A) Gray matter of spinal cord:
- Gray matter within the spinal cord is centrally located, and its shape
resembles a letter H or a butterfly.
- Gray matter consists primarily of dendrites and cell bodies of neurons
that serve as processing, or “decision-making,” areas.
- The gray matter is subdivided into the following components on each side
of the spinal cord: a posterior horn, a lateral horn, an anterior horn.
1) Posterior horns:
- Posterior horns are both the left and right posterior masses of gray matter.
- The gray matter of the posterior horns is due to the presence of the
dendrites and cell bodies of interneurons.
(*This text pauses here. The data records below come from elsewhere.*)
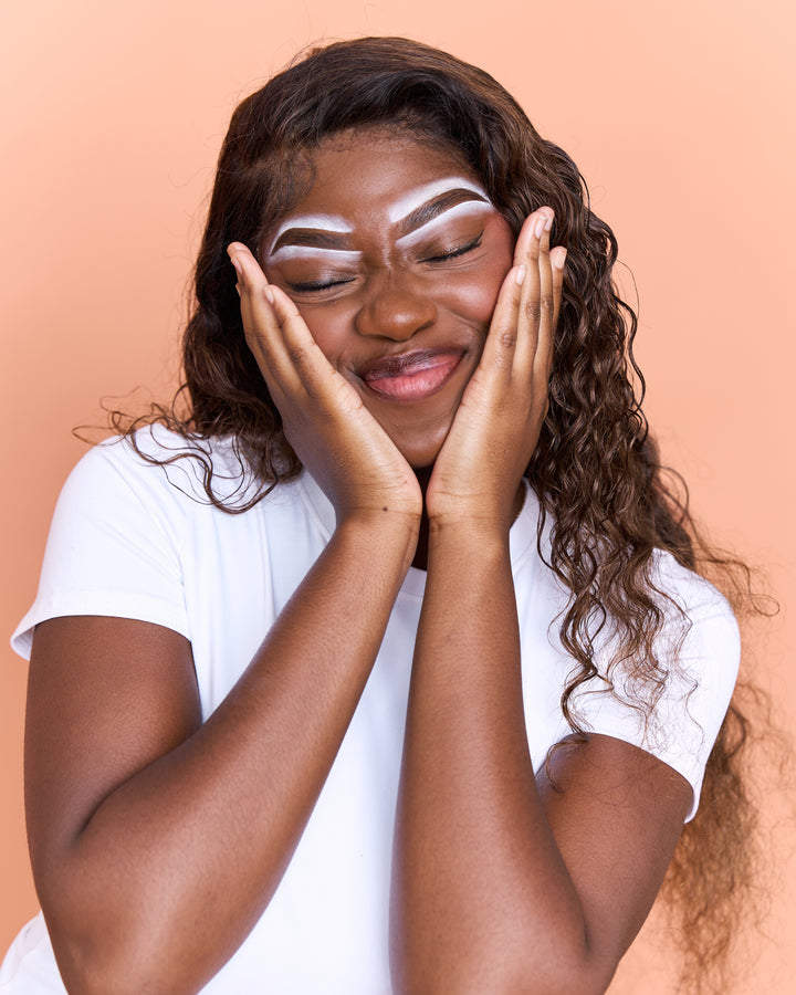 The easiest way to get symmetrical brows during an eyebrow service is using the Bella Beauty Brow Sticker Ruler. Simply apply the sticker to the centre of the face on the forehead and map the eyebrows using the guidelines.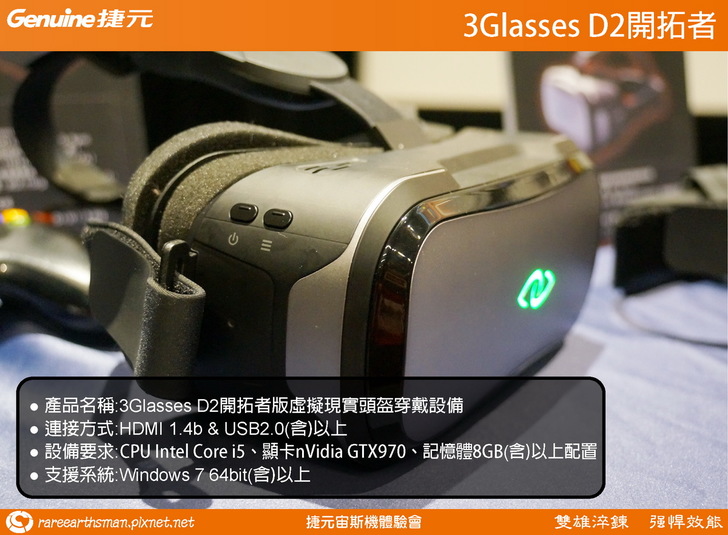 ▲VR頭戴式顯示器是最近很夯的一項產品,因為捷元也是品牌代理商,所以現場展示了唯一一項不是掛捷元Logo的產品就是3Glasses D2開拓者VR,因為VR所需要的影像運算需求滿高的,所以會需要滿高規格的設備才可以正常使用,例如最低要有Intel Core i5、nVidia GTX970顯卡、8GB記憶體、Windows 7 64bit的規格,當然規格越高越好,所以滿多舊款電腦都是無法運行的。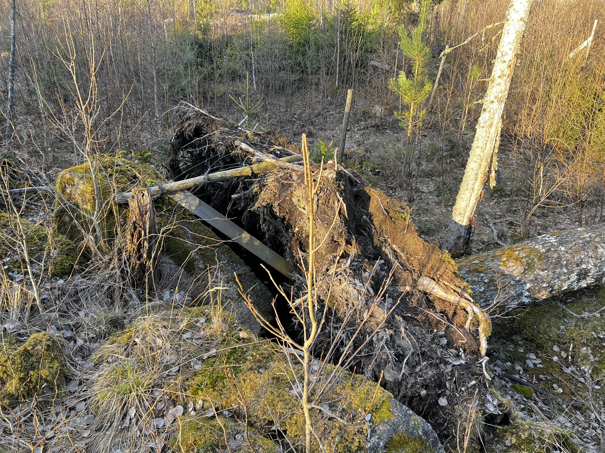 Avslutade dagen med att se över staketet till hästhagen och hittade en asp som tagit med sig en staketstolpe i fallet.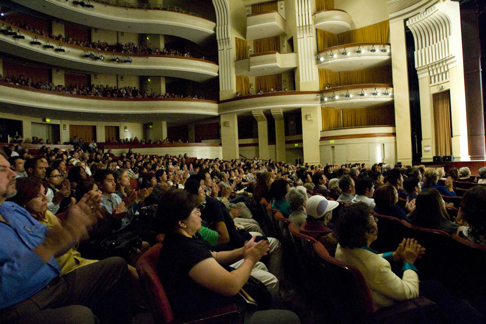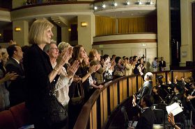 ![]() 演出结束时,现场观众纷纷起立长时间鼓掌向演员致意,直至大幕落下,不再开启,才慢慢离去。 |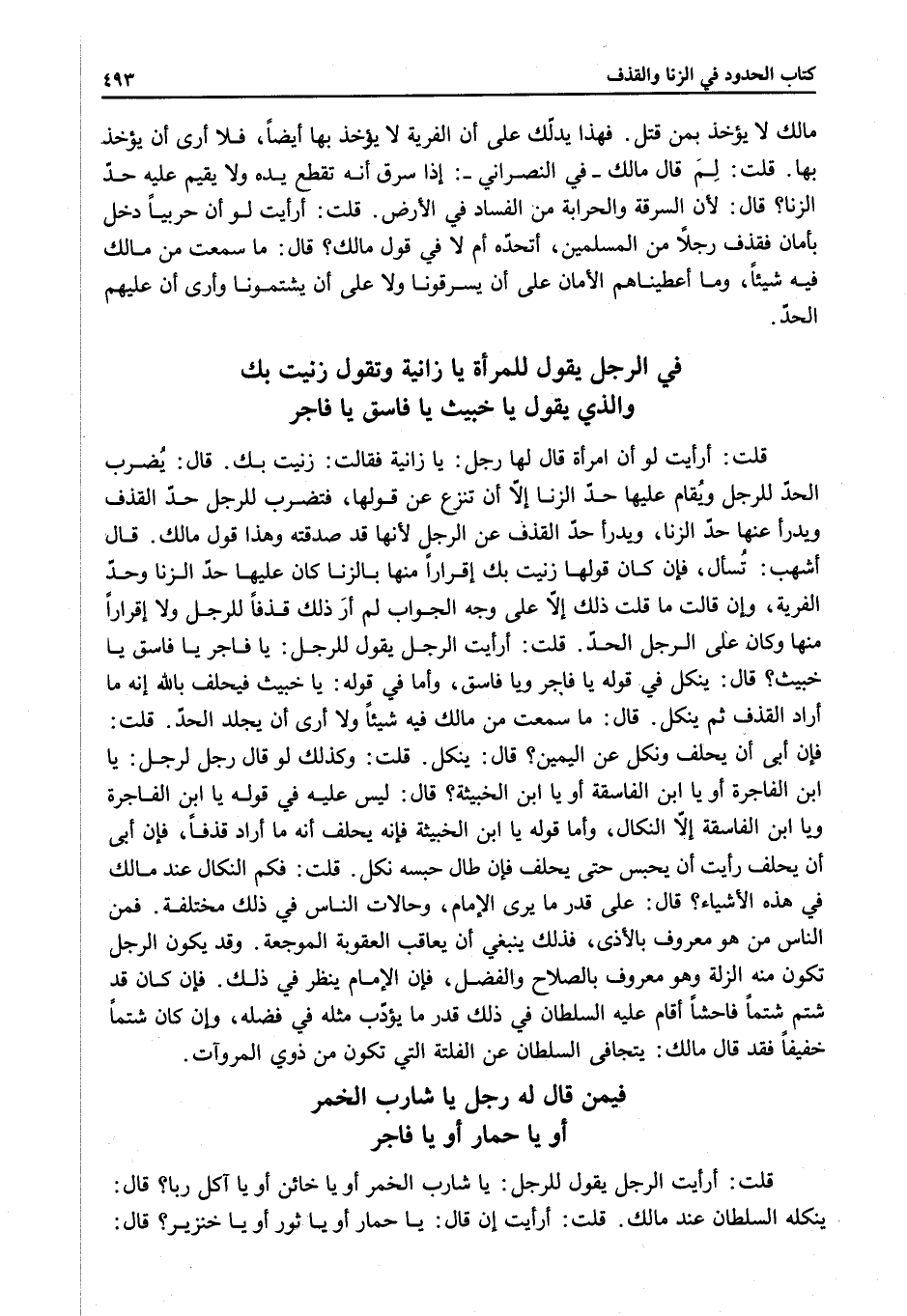 ُ قُلْتُ: أَرَأَيْتَ الرَّجُلَ يَقُولُ لِلرَّجُلِ: يَا شَارِبَ الْخَمْرِ أَوْ يَا خَائِنُ أَوْ يَا آكِلَ رِبًا؟ قَالَ: يُنَكِّلُهُ السُّلْطَانُ عِنْدَ مَالِكٍ.

- Sensory neurons extend through the posterior root of the spinal nerves
and synapse with the dendrites and cell bodies of the interneurons within
the posterior horn.
- The posterior horn contains somatic and visceral sensory nuclei.
2) Anterior horns:
- Anterior horns are both the left and right anterior masses of gray matter.
- The gray matter of the anterior horns is due to the presence of the
dendrites and cell bodies of somatic motor neurons. Collectively, they
form the somatic motor nuclei.
- The axons of somatic motor neurons extend through the anterior root of
the spinal nerves and innervate a somatic effectors that are controlled
consciously or voluntarily (i.e., skeletal muscles).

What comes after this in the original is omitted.